PMI Manufaktur Indonesia Anjlok, Sri Mulyani: Kita Masih Punya Harapan
Sebelumnya, Menteri Keuangan (Menkeu) Sri Mulyani Indrawati buka suara soal anjloknya Purchasing Manager's Index atau PMI manufaktur Indonesia. Hal itu menanggapi laporan S&P Global yang merilis data PMI manufaktur Indonesia pada Juli 2024 yang tercatat turun ke level 49,3 atau terkontraksi.
Padahal pada Juni 2024, PMI Manufaktur Indonesia masih tercatat ekspansif di level 50,7. Menurut Sri Mulyani penurunan tersebut dipengaruhi oleh beberapa.
Pertama, dikarenakan ada permasalahan dari sisi permintaan (demand side), dimana terdapat barang manufaktur yang mengalami pengurangan. Penyebabnya akan diidentifikasi, apakah karena dipengaruhi faktor musiman atau persaingan perdagangan yang tidak sehat akibat produk impor atau bukan.
"Pemerintah akan terus mendukung dengan berbagai macam dukungan, terutama kalau ini serangannya impor yang sifatnya persaingan perdagangan yang tidak sehat, maka pemerintah akan melakukan langkah korektif. Biasanya instrumennya menggunakan PMK anti dumping dan berbagai hal, ini kami berkoordinasi dengan menteri terkait yaitu Menteri Perdagangan dan Menteri Perindustrian," kata Sri Mulyani saat ditemui usai penyampaian Hasil Rapat KSSK, di kantor LPS, Jakarta, Jumat (2/8/2024).

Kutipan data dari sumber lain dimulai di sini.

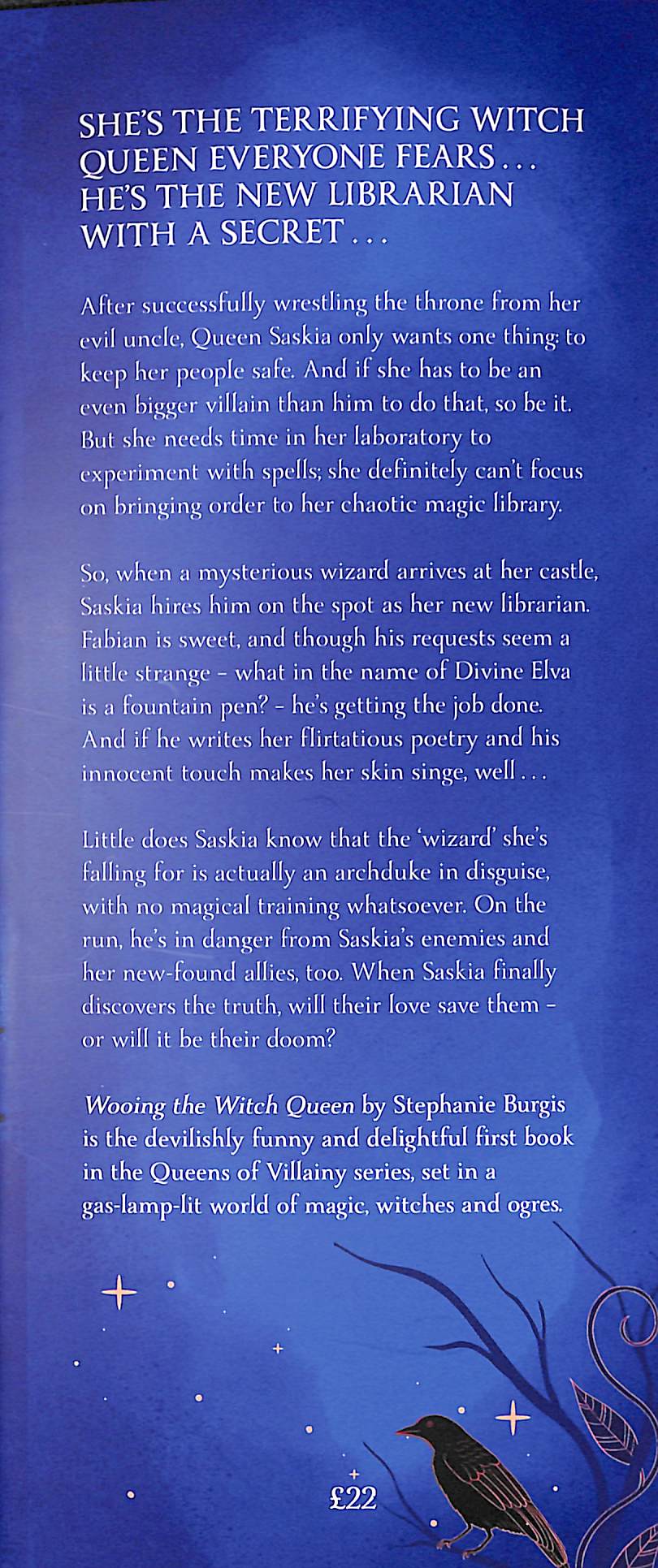 Wooing the Witch Queen by Stephanie Burgis is the start of a delightful, funny and seductive romantasy trilogy, set in a gaslamp-lit world where hags and ogres lurk in thick pine forests and genteel court intrigues can turn deadly . . . ‘This is a warm and lovely story with a big heart’ – Sangu Mandanna, bestselling author of The Very Secret Society of Irregular WitchesQueen Saskia is the wicked sorceress everyone fears.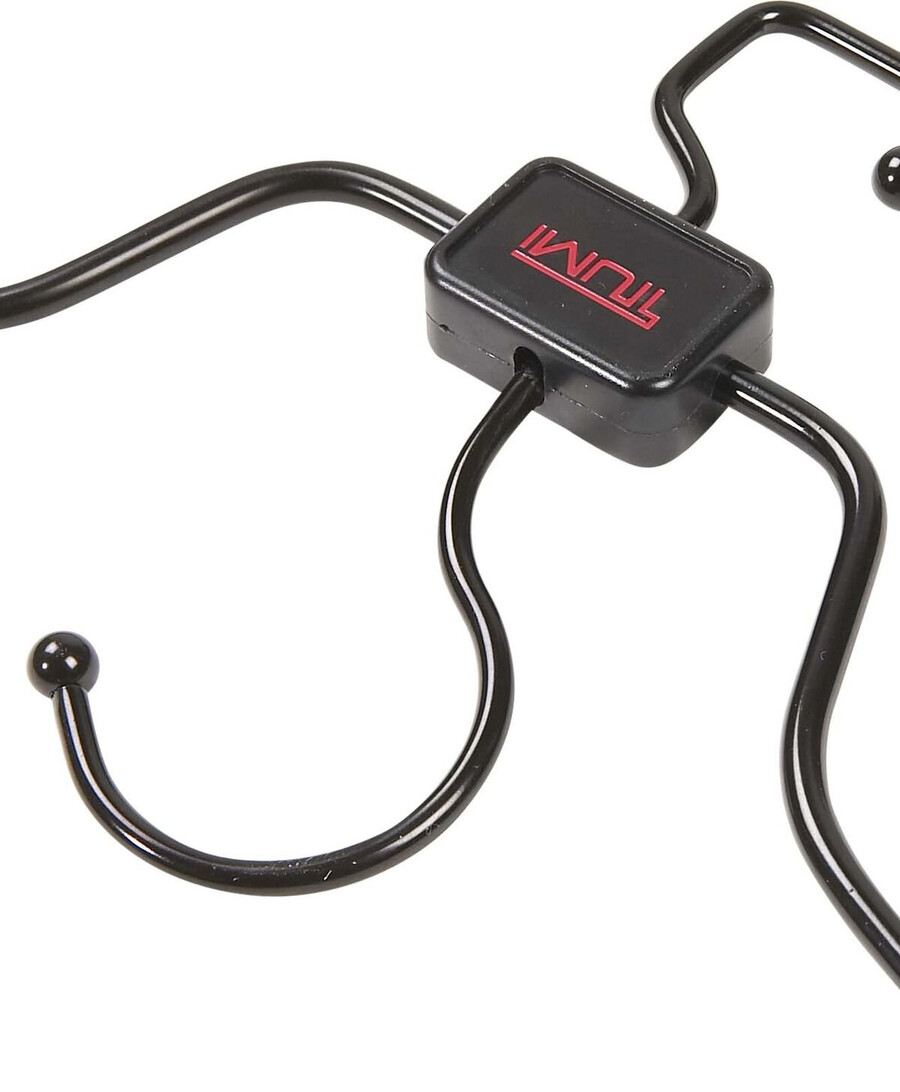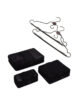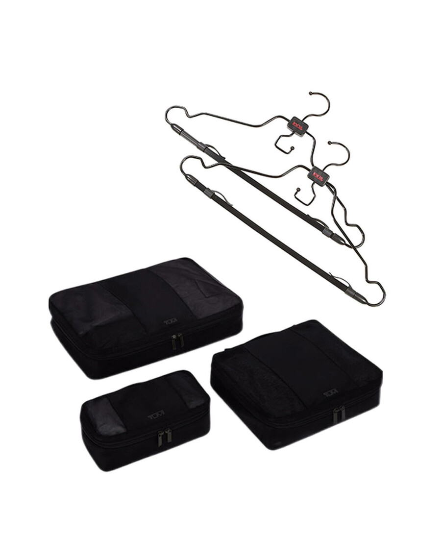 This set includes our engineered hangers (two) with both a rounded hook and a reversible square hook that snaps into the garment brackets. These durable hangers are designed to accommodate a suit jacket and pants; the bottom bar is ribbed and features clips to hold pants securely in place. For use in Tumi garment bags or wheeled cases with garment sleeves.
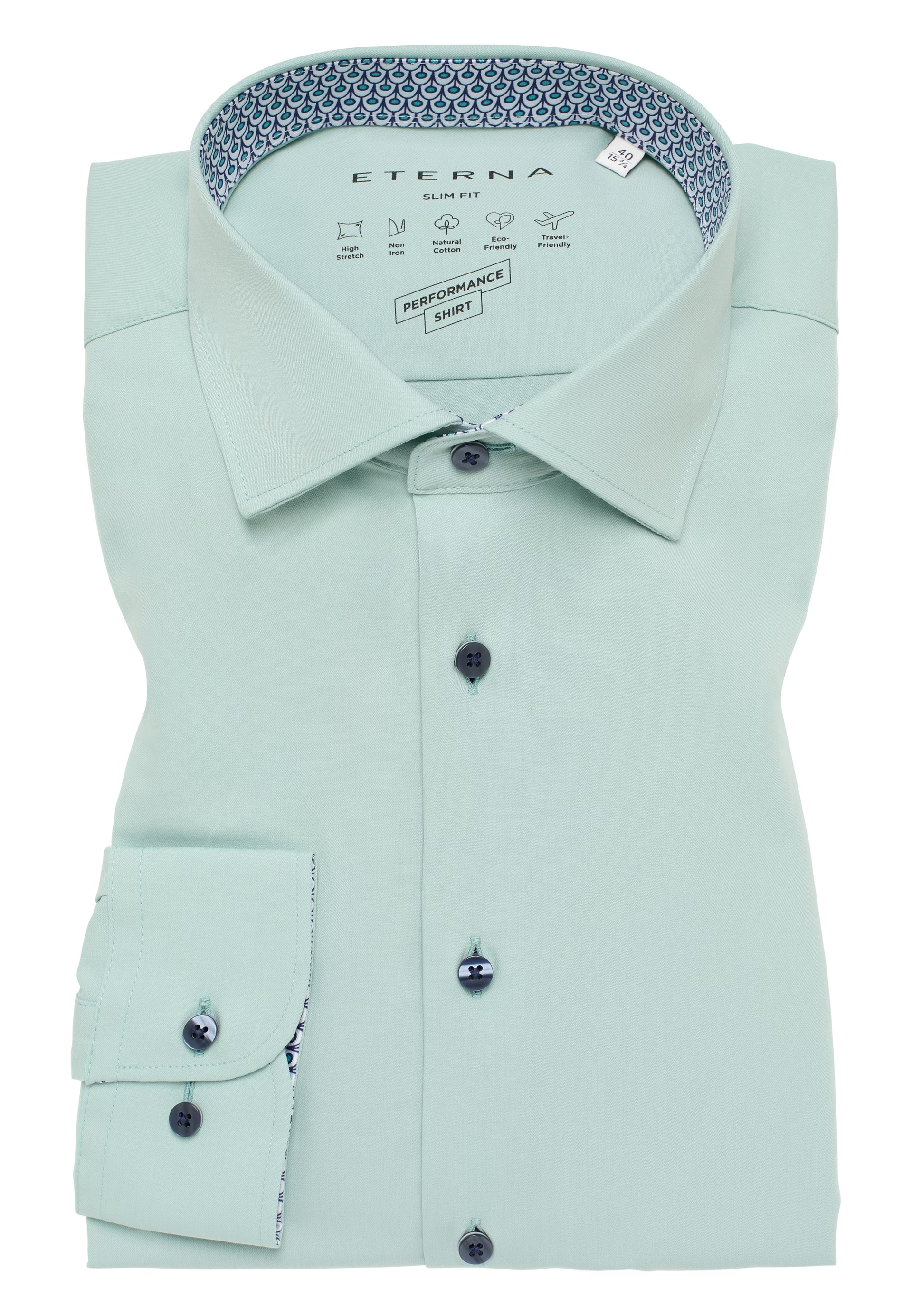 Vasalásmentes: Az Eterna ingek tartósan simák és puhák maradnak. Alacsony hőfokon és alacsony fordulatszámú centrifuga használata esetén a vasalás könnyített.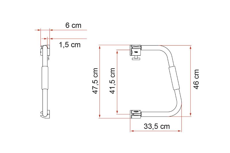 Turvakahva, joka on valmistettu kiinteästä maalatusta alumiinista, jonka halkaisija on 30 mm ja paksuus 2 mm. Korkeus: 46 cm.

Selain itu, melemahnya permintaan juga dipengaruhi oleh faktor luar negeri, utamanya ekspor. Lantaran beberapa negara saat ini tengah mengalami pelemahan ekonomi, diantaranya Amerika Serikat dan China.
Kendati begitu, Menkeu mengatakan Indonesia masih memiliki harapan untuk meningkatkan ekspor dengan membidik India. Namun mungkin tujuan ekspor India bukan barang manufaktur.
"Kita masih punya harapan terhadap India, hanya kalau India itu mungkin bukan barang manufaktur. Jadi ekspor kita bisa kuat, tapi barang manufaktur yang diukur dalam PMI itu memang cenderung pada manufaktur yang sifatnya labour intensive tradisional manufaktur Indonesia seperti tekstil, alas kaki sehingga mungkin tidak mencerminkan katakanlah manufaktur yang sekarang ini lagi banyak di Indonesia yaitu terutama hilirisasi," ujarnya.
Ia pun berharap anjloknya PMI manufaktur ini hanya bersifat sementara. Lantaran, kepercayaan bisnis dari produksi PMI pada Juli 2024 memberikan sinyal positif.
"Jadi, ini harapannya positif. Kondisi hari ini mungkin permintaannya melemah, tapi optimisme mereka dari sisi bisnis dan kepercayaan bahwa demand tahun depan menguat, itu memberikan harapan sehingga kita harapkan koreksi PMI zona kontraktif ini sifatnya sementara," pungkasnya.